Swinton was well connected, and he shared his ideas with Maurice Hankey, secretary to the Committee of Imperial Defense. Hankey was enthusiastic, and so was First Lord of the Admiralty Winston Churchill, always intrigued by new inventions. For a time the project came under Royal Navy purview, the reason we still speak of the hull and bow of a tank. Designs came and went, as did prototypes. The Tritton, named for the lead engineer, became Little Willie, then Centipede, and later Mother. The machine gradually assumed a rhomboidal shape, and early models had side-mounted sponsons for their 6-pounder naval guns. The design split into two types, male and female: the male having a cannon, the female armed with machine guns. Through all of these changes, one thing remained constant and has continued to the present: the project’s code name “Tank.”
The tank had an astonishingly rapid rise. A mere idea in 1914, it debuted on the Somme battlefield just two years later. The standard late war model, the Mark IV, was a highly refined machine compared to earlier designs: thicker armor, retractable sponsons, heavier track, shorter-barreled gun. By 1917 the British had fielded an entire tank corps equipped with these modern behemoths, and the corps would play a crucial role in laying Germany low in the war’s last two years.
Its Big Moment: Cambrai
In November 1917 the British launched an offensive against the Germans in front of Cambrai, in northern France.
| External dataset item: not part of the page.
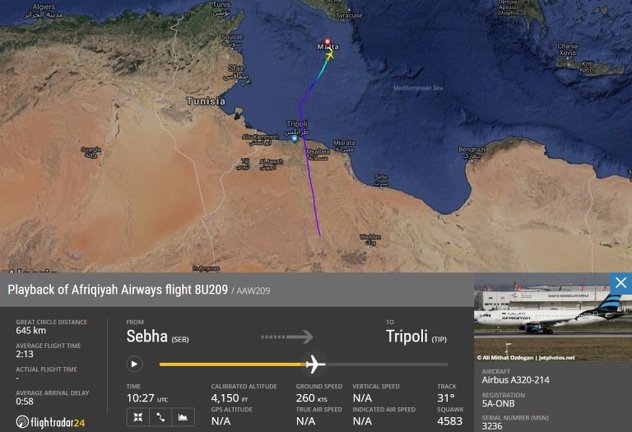 Avion kompanije Afriqiyah Airway je letio iz libijskog grada Sebha u Tripoli, ali je završio na 500 kilometara udaljenoj Malti.

Rather than using the tanks in driblets, common up to then, Operation GY called for their employment en masse, like a bolt from the blue with no preparatory bombardment. The brainchild of the Royal Tank Corps chief of staff, Major J. F. C. Fuller, the attack caught the Germans utterly by surprise. As nine full tank battalions—400 machines, nearly all Mark IVs—churned out of the early morning mist heading for the enemy lines, German soldiers did something that up to this point of the war they had rarely done: Some of the finest soldiers in Europe—faced with this inconceivable armored onslaught—threw down their weapons and surrendered or tried to flee. The British offensive would fall short of ultimate victory, but Cambrai inaugurated a new era in warfare: the age of mechanized operations.
Christie M-1931: Hail to the Tinkerer!
A tank is a complex weapon, and tank design usually requires a team of technicians and engineers. In their early incarnation, however, tanks were often the product of a cranky mechanic fiddling around in his garage. J. Walter Christie was the archetype. An American inventor of the interwar period, he designed one innovative weapon after the other: an amphibious gun packed with cork for increased buoyancy, a light tank with a 750-horsepower Hispano-Suiza airplane engine that could leap a 20-foot gap from a 45-degree ramp; and the M-1928 tank with solid rubber bogey wheels, each of which had its own vertical coil spring. Its independent suspension provided the smoothest ride yet achieved in a tracked vehicle. And—oh yes—the M-1928 could also shed its tracks in just 30 minutes and run on its wheels.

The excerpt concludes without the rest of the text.